Give again, unaltered, the lines of the listing below that run from the line having "3.根据权利要求2所述的一种" through the line having "Древнее семитское происхождение".

[DATASET]
___

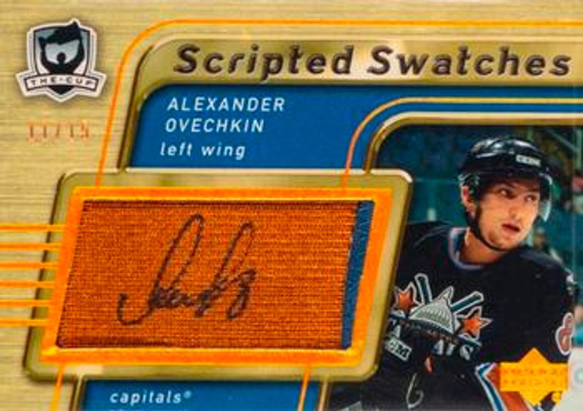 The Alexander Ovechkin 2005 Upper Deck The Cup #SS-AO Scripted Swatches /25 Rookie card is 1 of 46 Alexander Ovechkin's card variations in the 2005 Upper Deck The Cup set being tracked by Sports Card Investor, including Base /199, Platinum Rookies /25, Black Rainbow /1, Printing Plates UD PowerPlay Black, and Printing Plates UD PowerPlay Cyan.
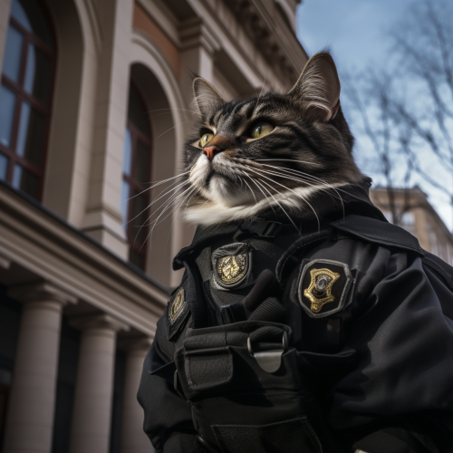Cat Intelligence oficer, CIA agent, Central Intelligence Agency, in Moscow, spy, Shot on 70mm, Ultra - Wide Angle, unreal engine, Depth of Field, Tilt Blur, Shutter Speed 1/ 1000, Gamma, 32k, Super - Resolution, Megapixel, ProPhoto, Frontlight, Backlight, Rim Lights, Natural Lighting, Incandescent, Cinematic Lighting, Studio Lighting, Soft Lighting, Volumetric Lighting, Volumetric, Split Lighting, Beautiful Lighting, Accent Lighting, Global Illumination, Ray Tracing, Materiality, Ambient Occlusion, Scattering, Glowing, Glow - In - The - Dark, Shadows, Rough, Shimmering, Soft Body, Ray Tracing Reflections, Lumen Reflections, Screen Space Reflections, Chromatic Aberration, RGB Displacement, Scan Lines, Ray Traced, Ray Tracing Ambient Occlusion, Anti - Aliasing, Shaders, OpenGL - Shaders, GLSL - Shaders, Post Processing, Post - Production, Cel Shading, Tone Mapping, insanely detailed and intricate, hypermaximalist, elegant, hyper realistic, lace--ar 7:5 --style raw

___

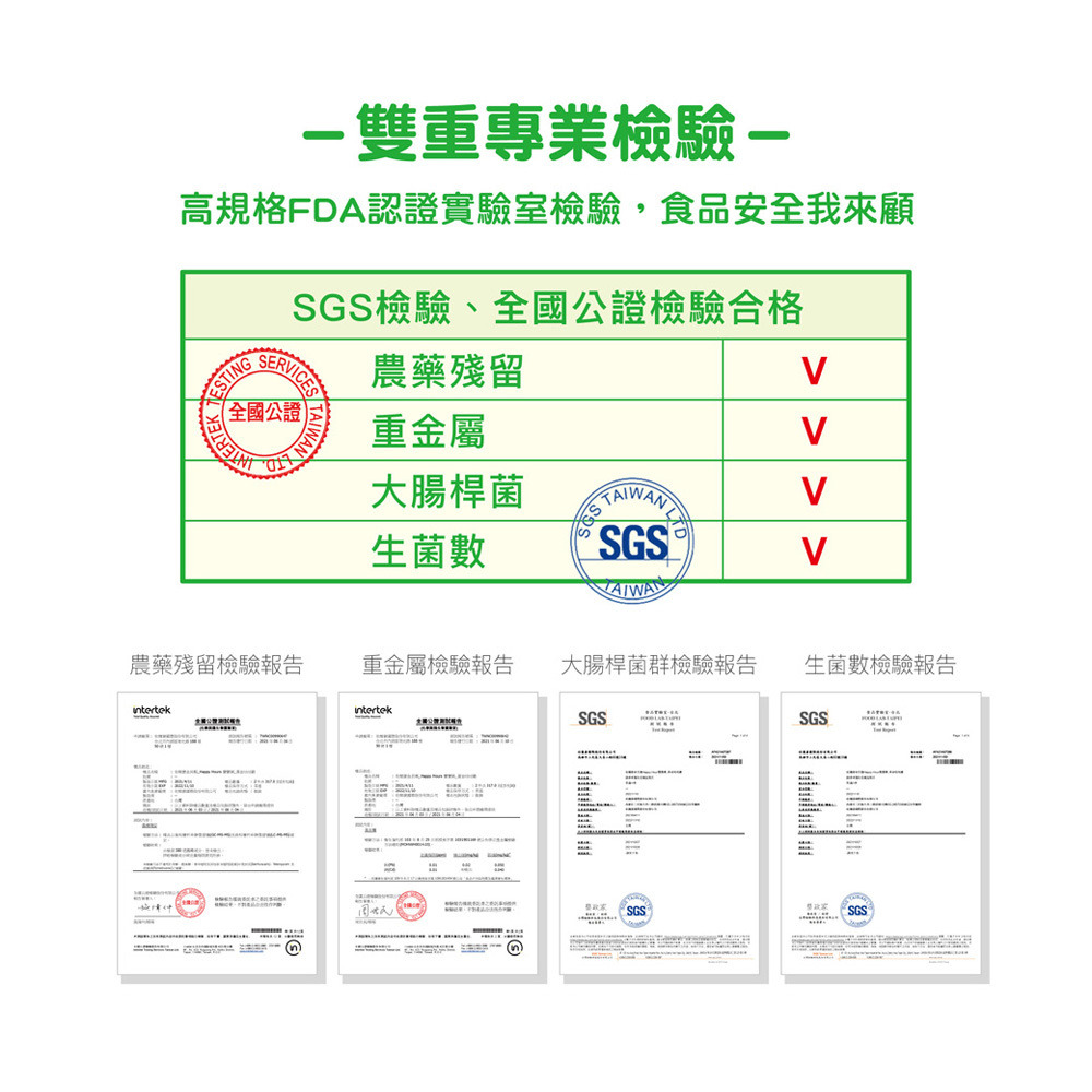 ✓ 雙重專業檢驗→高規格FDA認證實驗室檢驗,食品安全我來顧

___

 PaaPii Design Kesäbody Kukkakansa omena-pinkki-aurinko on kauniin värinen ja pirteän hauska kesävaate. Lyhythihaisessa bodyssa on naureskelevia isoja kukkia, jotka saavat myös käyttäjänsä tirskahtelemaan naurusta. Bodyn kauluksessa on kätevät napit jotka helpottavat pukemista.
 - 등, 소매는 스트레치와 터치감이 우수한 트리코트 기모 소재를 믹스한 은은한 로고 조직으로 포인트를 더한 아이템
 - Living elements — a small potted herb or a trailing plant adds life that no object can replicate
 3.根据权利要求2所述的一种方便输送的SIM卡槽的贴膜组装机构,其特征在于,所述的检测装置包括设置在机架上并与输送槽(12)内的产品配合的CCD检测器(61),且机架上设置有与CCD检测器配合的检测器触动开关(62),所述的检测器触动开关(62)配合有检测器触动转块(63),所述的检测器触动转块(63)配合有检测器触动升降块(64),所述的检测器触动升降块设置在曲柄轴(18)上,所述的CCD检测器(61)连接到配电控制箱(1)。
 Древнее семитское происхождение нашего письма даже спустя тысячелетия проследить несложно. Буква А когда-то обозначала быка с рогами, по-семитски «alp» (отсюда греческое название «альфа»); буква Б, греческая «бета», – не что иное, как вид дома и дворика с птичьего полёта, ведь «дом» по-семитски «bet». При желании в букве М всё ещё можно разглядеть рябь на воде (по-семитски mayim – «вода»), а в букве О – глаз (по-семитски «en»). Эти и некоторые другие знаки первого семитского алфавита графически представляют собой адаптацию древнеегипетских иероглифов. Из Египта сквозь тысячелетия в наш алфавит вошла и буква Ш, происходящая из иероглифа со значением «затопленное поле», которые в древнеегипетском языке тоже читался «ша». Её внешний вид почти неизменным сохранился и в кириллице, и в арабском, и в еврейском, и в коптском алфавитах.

___

[ANSWER SPACE]
 3.根据权利要求2所述的一种方便输送的SIM卡槽的贴膜组装机构,其特征在于,所述的检测装置包括设置在机架上并与输送槽(12)内的产品配合的CCD检测器(61),且机架上设置有与CCD检测器配合的检测器触动开关(62),所述的检测器触动开关(62)配合有检测器触动转块(63),所述的检测器触动转块(63)配合有检测器触动升降块(64),所述的检测器触动升降块设置在曲柄轴(18)上,所述的CCD检测器(61)连接到配电控制箱(1)。
 Древнее семитское происхождение нашего письма даже спустя тысячелетия проследить несложно. Буква А когда-то обозначала быка с рогами, по-семитски «alp» (отсюда греческое название «альфа»); буква Б, греческая «бета», – не что иное, как вид дома и дворика с птичьего полёта, ведь «дом» по-семитски «bet». При желании в букве М всё ещё можно разглядеть рябь на воде (по-семитски mayim – «вода»), а в букве О – глаз (по-семитски «en»). Эти и некоторые другие знаки первого семитского алфавита графически представляют собой адаптацию древнеегипетских иероглифов. Из Египта сквозь тысячелетия в наш алфавит вошла и буква Ш, происходящая из иероглифа со значением «затопленное поле», которые в древнеегипетском языке тоже читался «ша». Её внешний вид почти неизменным сохранился и в кириллице, и в арабском, и в еврейском, и в коптском алфавитах.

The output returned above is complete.